Electron Transport Chain and Oxidative Phosphorylation

Electron Transport Chain (ETC)

The ETC is located on the inner mitochondrial membrane and is responsible for converting the energy stored in NADH and FADH2 into ATP. Electrons are passed through a series of protein complexes, pumping protons into the intermembrane space and creating a proton gradient. ATP synthase uses this gradient to synthesize ATP from ADP and inorganic phosphate.

• Final Electron Acceptor: Oxygen, which combines with electrons and protons to form water.

• ATP Yield: Theoretically, each NADH yields 2.5–3 ATP, and each FADH2 yields 1.5–2 ATP.

• Overall Reaction:

ATP Balance Sheet

• Substrate-level phosphorylation: 4 ATP (2 from glycolysis, 2 from citric acid cycle)

• Oxidative phosphorylation: 26–34 ATP (varies by cell type and conditions)

• Total theoretical yield: 36–38 ATP per glucose

• Actual yield: 30–32 ATP per glucose (due to energy costs of transporting ATP out of mitochondria)

Interconversion of Glucose, Lactic Acid, and Glycogen

Glycogenesis and Glycogenolysis

Cells cannot store free glucose due to osmotic effects; instead, glucose is stored as glycogen. Glycogenesis is the synthesis of glycogen from glucose, primarily in the liver, skeletal muscle, and cardiac muscle. Glycogenolysis is the breakdown of glycogen to glucose-1-phosphate, which is converted to glucose-6-phosphate. Only the liver can release free glucose into the bloodstream due to the presence of glucose-6-phosphatase.

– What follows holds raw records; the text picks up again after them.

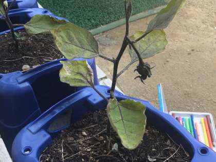 2年生が鉢で育てている「きゅうり」「なす」「いんげんまめ」「ミニトマト」に少しずつ実ができ始めてきました。
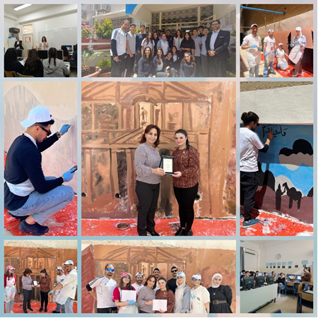 نظمت لجنة الأنشطة اللامنهجية وخدمة المجتمع على مستوى الكلية؛ ورشة عمل في المدرسة الوطنية الأرثوذكسية في عمان/ الأشرفية؛ وذلك يوم الثلاثاء الموافق 14/5/2024، شارك فيها نخبة أعضاء الهيئة التدريسية وأعضاء الهيئة الإدارية والطلبة من تخصصات الكلية كافة. وتضمنت الورشة؛ محاضرة تعريفية لطلبة المدرسة عن البرامج الأكاديمية المطروحة في الكلية، والبيئة التعليمية المتميزة في جامعة عمّان الأهلية، وشروط الالتحاق بالبرامج الأكاديمية. كما تضمنت رسم جدارية من تصميم الطلبة في المدرسة. وبادرت إدارة المدرسة الجامعة إلى تكريم المشاركين بشهادات تقدير وأهدت درع المدرسة إلى جامعة عمّان الأهلية. وتأتي هذه المبادرة ضمن خطة العمل السنوية للجنة الأنشطة اللامنهجية وخدمة المجتمع على مستوى الكلية، كما تأتي في إطار سياسة الانفتاح التي تنتهجها الجامعة على المجتمع المحلي، بما يتماشى مع رؤيتها وسياستها وقيمها الجوهرية.
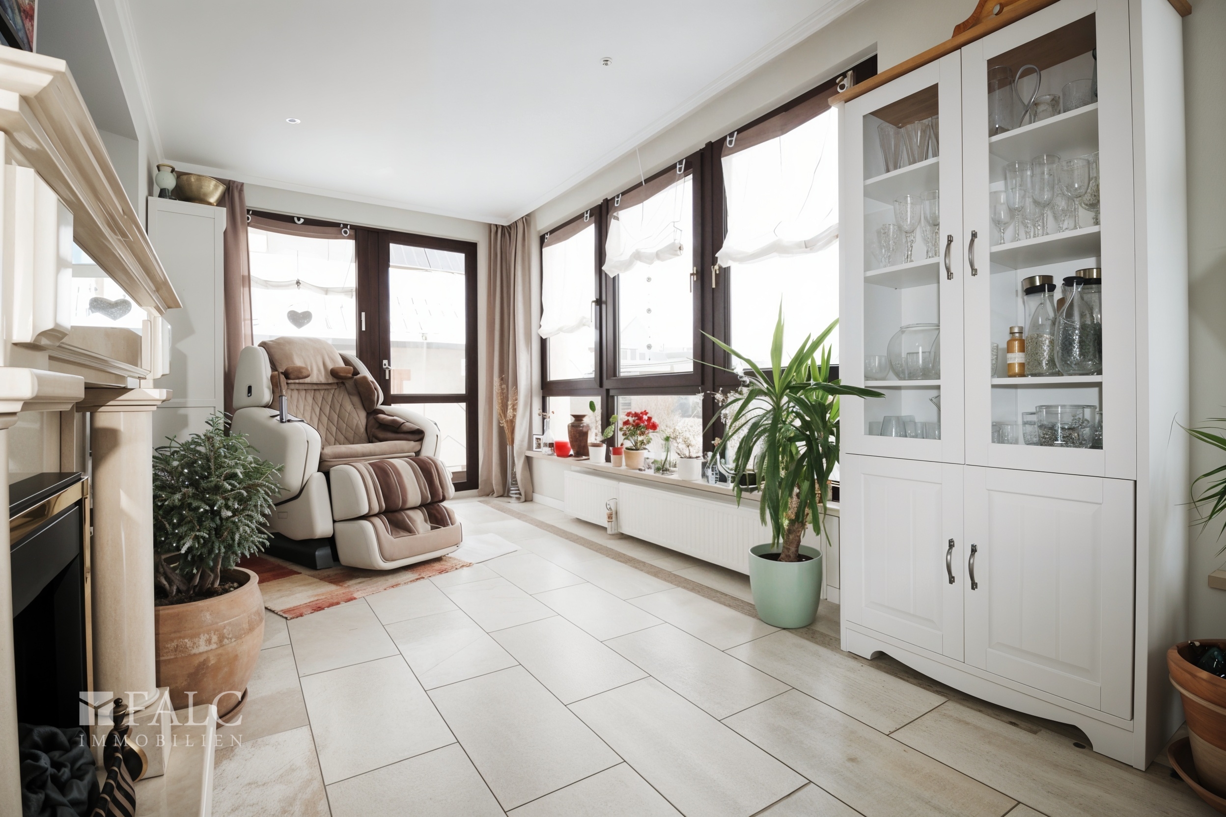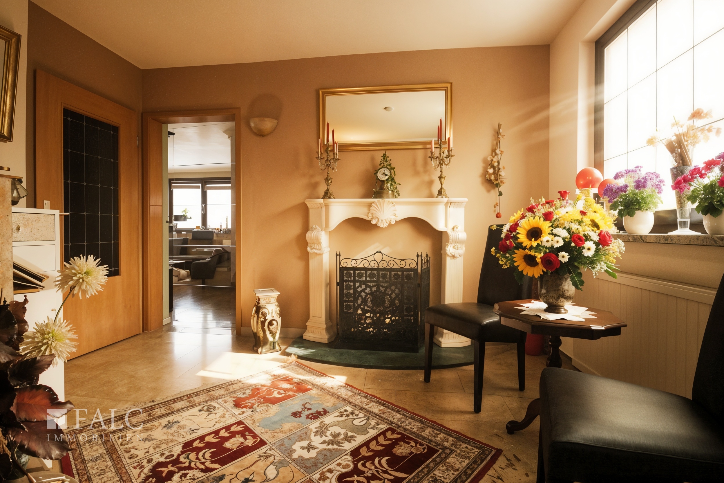 Die separat angelegte Küche liegt in kurzer Entfernung zum Essbereich, sodass gemeinsames Kochen und geselliges Beisammensein problemlos möglich sind. Über die Treppe des Eingangsbereichs erreichen Sie das Dachgeschoss: Hier befindet sich das großzügige Hauptschlafzimmer mit angeschlossenem Ankleidezimmer sowie ein weiteres Badezimmer. Ein flexibel nutzbarer Wohnraum bietet Platz für ein Arbeitszimmer oder eine gemütliche Leseecke.
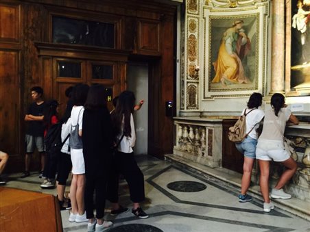 下午,老师决定带写生小组感受一下罗马的古代建筑与卡拉瓦乔的绘画作品。从酒店出来不远处就是地铁站,乘坐地铁到圣母堂附近,参观卡拉瓦乔的《圣彼得上十字架》以及《圣保罗之光》。卡拉瓦乔讲究画面的单一光源与深色背景互相烘托,营造强烈的光感以及深沉的气氛。这种具有戏剧感和真实感的绘画形式如同一柄利剑划破天空,为欧洲油画带来了巨大的震撼与启发。接着,实习小组继续步行到圣奥古斯丁教堂,这里存放着卡拉瓦乔《洛莱托的圣母》。图中圣母抱着小耶稣接受朝拜,画面光线明暗感强烈,人物的神态动作逼真自然,仿佛不在画中,而在眼前。最后一幅画是位于圣王路易教堂的《圣马太蒙召》,一束天光由右侧打来,辛苦一年突然蒙受耶稣召唤的圣马太面容充满了惊喜与激动,而在一旁忙着清点辛苦工作所得报酬的劳工,却没注意到耶稣亲临。由画面传达的这种身临其境的真实感,令同学们久久回味,不愿离去。
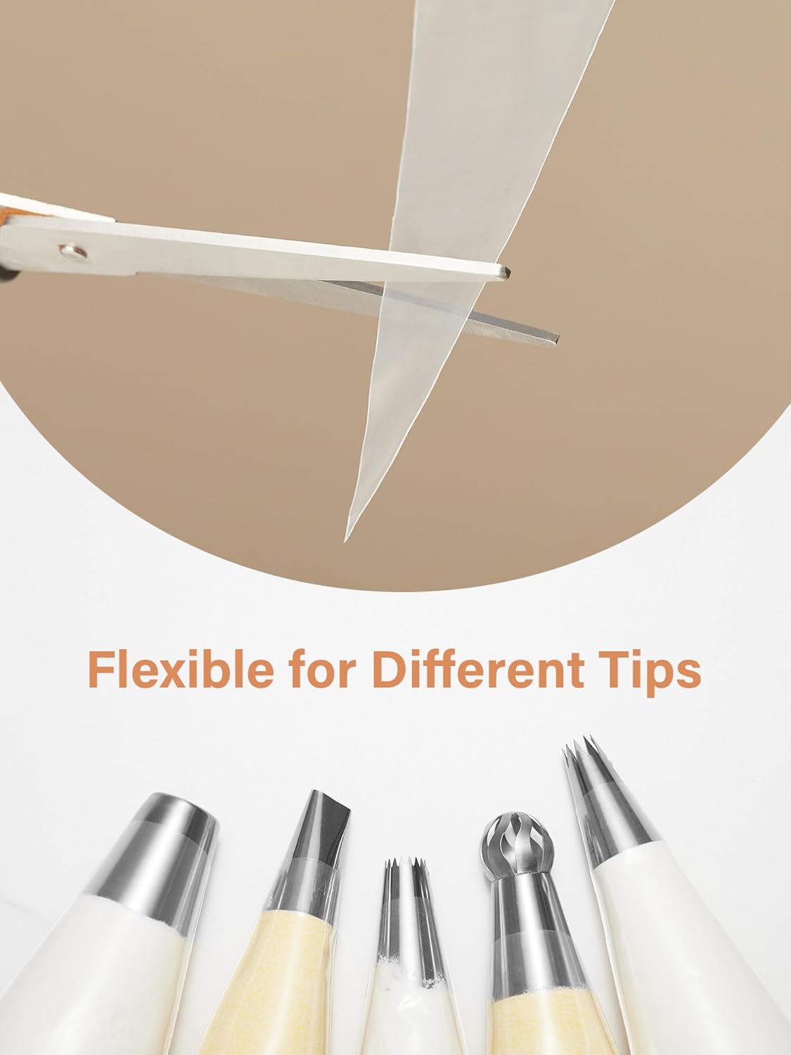 - Food-Safe and Large Capacity: The frosting piping bags are made from food-safe materials, ensuring that they are safe for direct contact with food. Additionally, their 12" capacity allows you to fill each bag with more icing, reducing the need for frequent refilling during decorating.

• Glycogenesis: Formation of glycogen from glucose

• Glycogenolysis: Breakdown of glycogen to glucose-1-phosphate

• Locations: Liver, skeletal muscle, cardiac muscle

• Why only liver releases glucose: Only liver has glucose-6-phosphatase

Cori Cycle and Gluconeogenesis

The Cori cycle describes the metabolic pathway in which lactic acid produced by muscles is transported to the liver, converted back to pyruvic acid, and then to glucose via gluconeogenesis. This glucose can be returned to the muscles for energy.

• Gluconeogenesis: Synthesis of glucose from non-carbohydrate sources (e.g., pyruvic acid, amino acids)

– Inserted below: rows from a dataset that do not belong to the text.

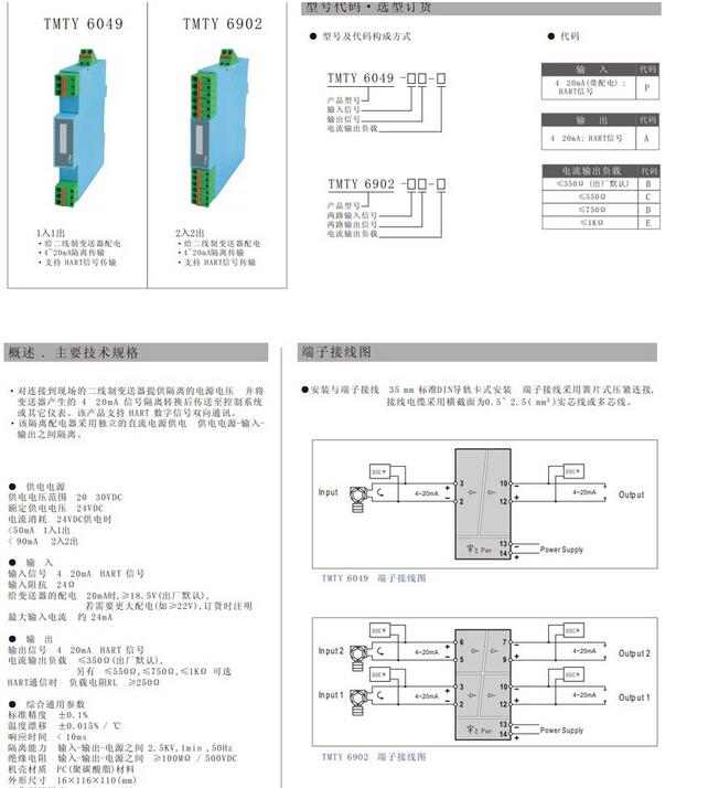 TMTY6049,TMTY6902 电流信号输入配电隔离器(支持HART)
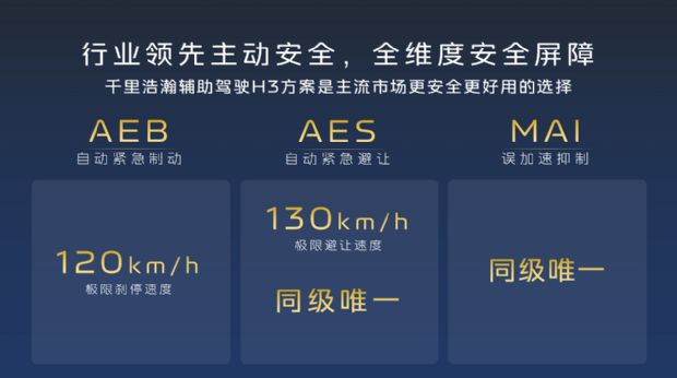 辅助驾驶功能以安全第一为准则,为了让用户获得性能更好同时又更加安全的辅助驾驶体验,在本次OTA升级中,吉利银河A7首搭千里浩瀚辅助驾驶H3方案再进阶,可实现越级主动安全,成为同级唯一具备自动紧急避让(AES)和误加速抑制(MAI)能力的车型。
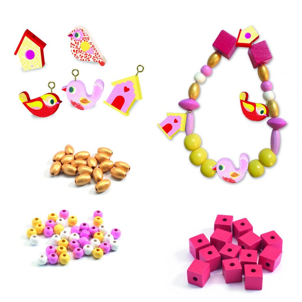 Sada dřevěných korálků - Djeco - Ptáčci
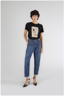 Mom-fit-jeans mit bundfalten vorne aus lockerem denim-canvas. perfektes kleidungsstück für alle die sich unabhängig und modisch fühlen experimentierfreudig sind und immer schick und originell sein möchten.
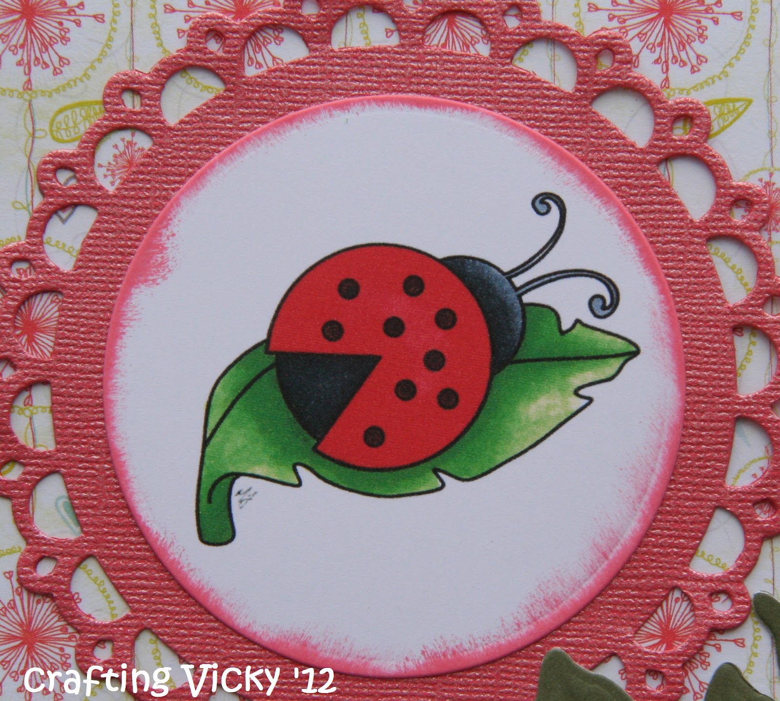 I just love the way the precolored lady bug looked so that's the one that I used for my card. Plus I got to be lazy lol :D I used one of the wonderful sentiment as well.
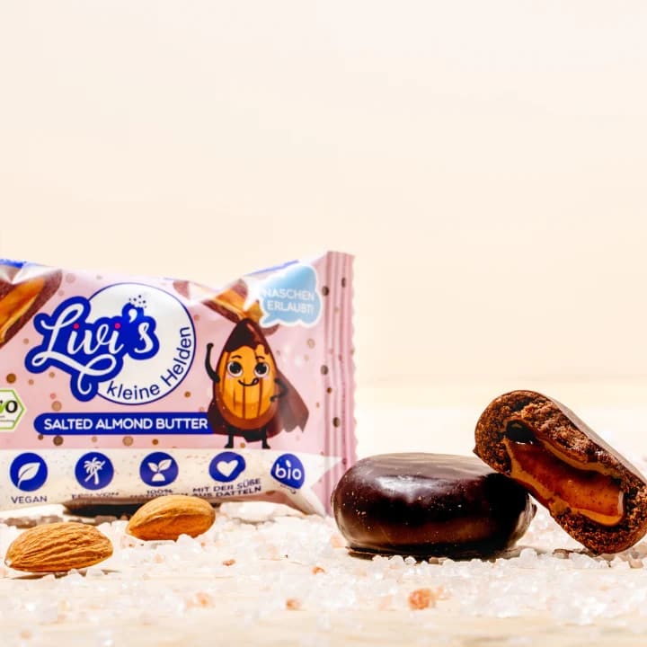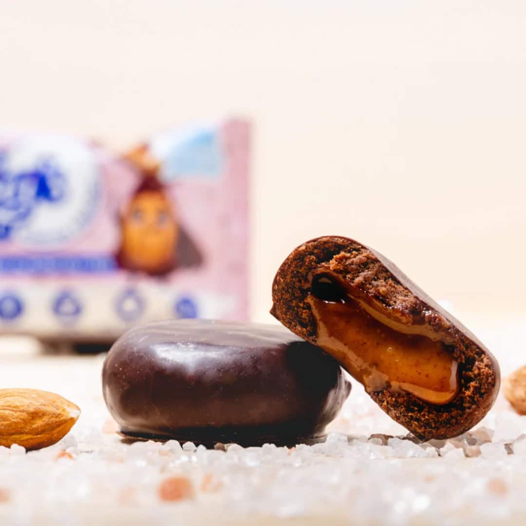 Travestite da caramelle, le palline colpiscono per i loro ingredienti eccellenti: sotto la loro copertura di cioccolato fondente (proveniente dalla Svizzera, con l’88% di cacao) c’è una confettura di frutta a base di datteri combinata con un ripieno cremoso, dolce e salato di mandorle con mandorle appena macinate.
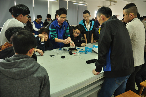 本次培训由太阳成集团tyc9728团学和创客空间的技术人员进行讲解及操作示范,主要讲解小车安装的重要环节及注意事项,如主动轮、从动轮等的安装。参赛选手都表现出极高的热情,在观摩学习中,也针对各种问题做出提问。为确保各参赛队伍能够掌握小车的安装技能,工作人员对参赛选手的提问一一做出了悉心的回答。

• Cori Cycle: Occurs between skeletal muscle and liver; recycles lactic acid to glucose

Metabolism of Lipids and Proteins

Lipid Metabolism: Lipogenesis and Lipolysis

When energy intake exceeds demand, glucose is converted to fatty acids and stored as triglycerides (lipogenesis). When energy is needed, triglycerides are broken down into fatty acids and glycerol (lipolysis). Fatty acids undergo β-oxidation to form acetyl CoA, which enters the citric acid cycle.

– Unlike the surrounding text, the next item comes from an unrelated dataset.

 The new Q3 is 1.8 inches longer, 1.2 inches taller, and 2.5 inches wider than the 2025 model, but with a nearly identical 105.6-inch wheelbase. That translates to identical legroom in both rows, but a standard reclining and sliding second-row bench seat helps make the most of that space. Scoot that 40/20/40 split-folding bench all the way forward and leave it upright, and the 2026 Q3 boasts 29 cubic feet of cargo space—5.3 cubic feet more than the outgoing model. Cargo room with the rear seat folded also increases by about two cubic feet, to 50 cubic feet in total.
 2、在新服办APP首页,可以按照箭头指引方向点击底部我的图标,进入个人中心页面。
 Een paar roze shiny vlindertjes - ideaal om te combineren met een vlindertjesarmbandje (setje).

• Lipogenesis: Formation of triglycerides from glucose and fatty acids

• Lipolysis: Breakdown of triglycerides to fatty acids and glycerol

• β-oxidation: Fatty acids are converted to acetyl CoA (e.g., 16-carbon fatty acid yields 8 acetyl CoA)

• ATP Yield: High; a 16-carbon fatty acid can yield up to 108 ATP

Ketogenesis

When fatty acid breakdown exceeds energy needs (e.g., fasting, diabetes), the liver converts excess acetyl CoA into ketone bodies (ketogenesis). These water-soluble molecules can be used as alternative energy sources but may accumulate and cause ketosis.

Amino Acid Metabolism and Gluconeogenesis

Amino acids are primarily used for protein synthesis, but excess can be converted to glucose (gluconeogenesis) or used for energy. Some citric acid cycle intermediates can be converted to amino acids by transamination (addition of an amine group).

• Gluconeogenesis: Formation of glucose from amino acids

• Transamination: Conversion of keto acids to amino acids

Integration of Metabolic Pathways

Carbohydrates, fats, and proteins are interconnected through shared metabolic intermediates, allowing the body to adapt to varying energy demands and dietary intake.

Relative Importance of Energy Sources in Different Organs

The preference for energy substrates varies by organ. For example, the brain relies heavily on glucose, while resting skeletal muscle prefers fatty acids. The liver and heart can utilize a variety of substrates, including ketone bodies and lactic acid.